Economic Action Plan 2013 Act, No. 1Government Orders

12:25 p.m.

NDP

Carol Hughes NDP Algoma—Manitoulin—Kapuskasing, ON

Mr. Speaker, I agree that the Liberals had 13 years to get the job done at a time when they had a big surplus but still did not get the job done.

Let us look at the Conservative side now. The Conservatives like to crow about their record on job creation, but there are still almost 1.4 million Canadians out of work. There are still 240,000 more young people unemployed today than before the recession, and the only job creation measure in Bill C-60 is for more cabinet members.

I bring this up because the two members on the Conservative side who just spoke said that they are small business people, and my colleague talked about the fact that she is a small business person.

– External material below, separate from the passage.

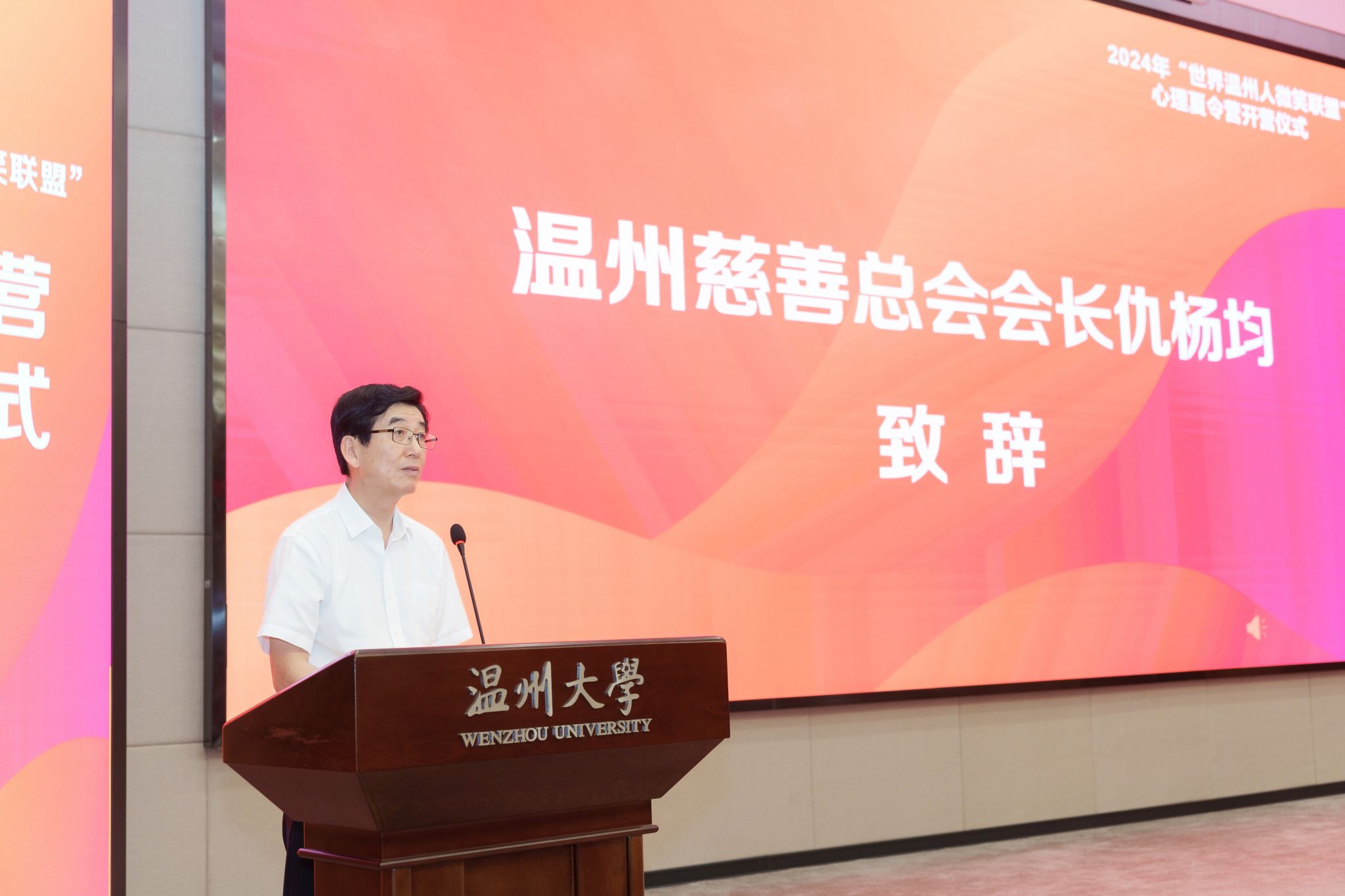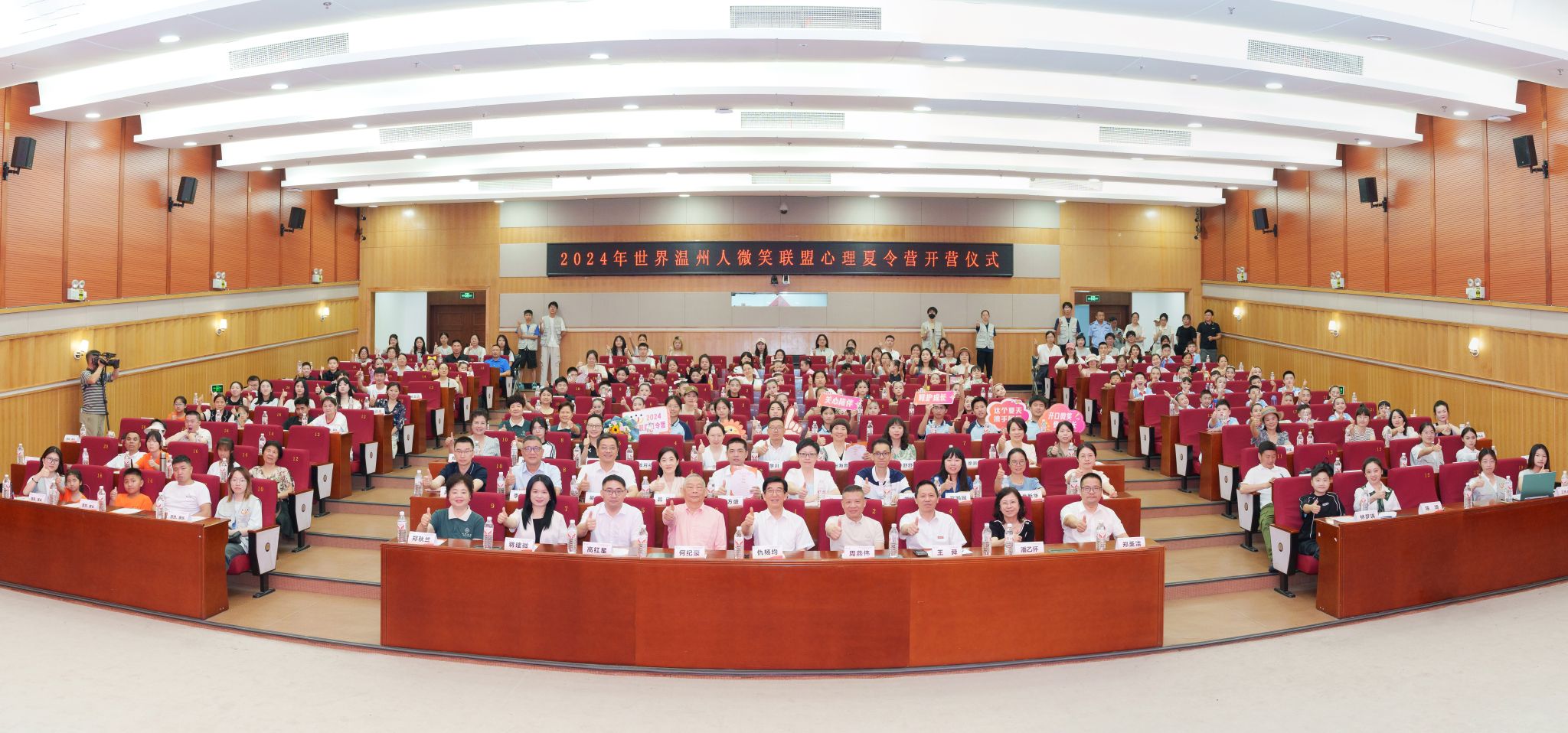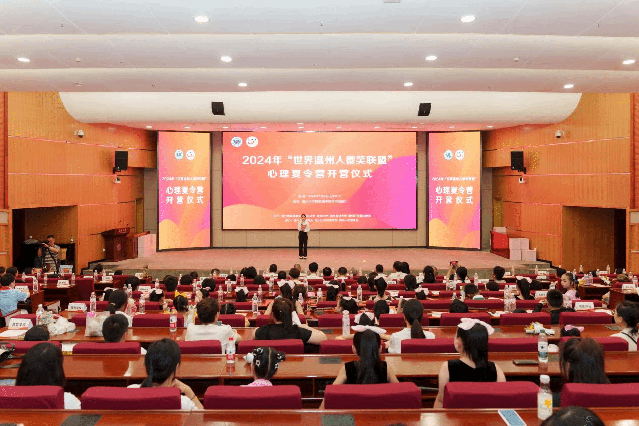 7月8日,“世界温州人微笑联盟”第十二期心理夏令营在温州大学正式开营。世界温州人微笑联盟会长何纪豪、温州市慈善总会会长仇杨均、温州市委统战部副部长周燕伟、温州大学副校长王舜出席开营仪式并致辞。温州大学、温州医科大学、温州市台办、温州市慈善总会、世界温州人微笑联盟、温州日报报业集团、温州市啸秋中学、温州市蒲州育英学校、温州市育英学校等单位的领导、嘉宾、师生代表等共150余人参加开营仪式。

I will talk about the small business people on Manitoulin Island and the fact that the Conservative government did not do the job of making sure that the ports were in order, and now that whole economy is about to fall apart. We are talking about anywhere between $25 million and $35 million that the government is willing to see go down the pipe.

Maybe my colleague could speak to the fact that small businesses are about to fold if the Chi-Cheemaun ferry does not continue. Does she think this will increase jobs and the government's stand on the economy, or does she think this will be detrimental and there will be a higher rate of unemployed people and people on welfare?

Economic Action Plan 2013 Act, No. 1Government Orders

12:30 p.m.

Liberal

Joyce Murray Liberal Vancouver Quadra, BC

Mr. Speaker, I agree completely with my hon. colleague that the Conservative government has been a failure in terms of job creation. There are still hundreds of thousands fewer jobs than there were when the Conservatives came into office. Youth unemployment is far worse than it was five years ago. In my constituency of Vancouver Quadra, where we have the world-class University of British Columbia, that hits young people coming out of university who cannot find a first job.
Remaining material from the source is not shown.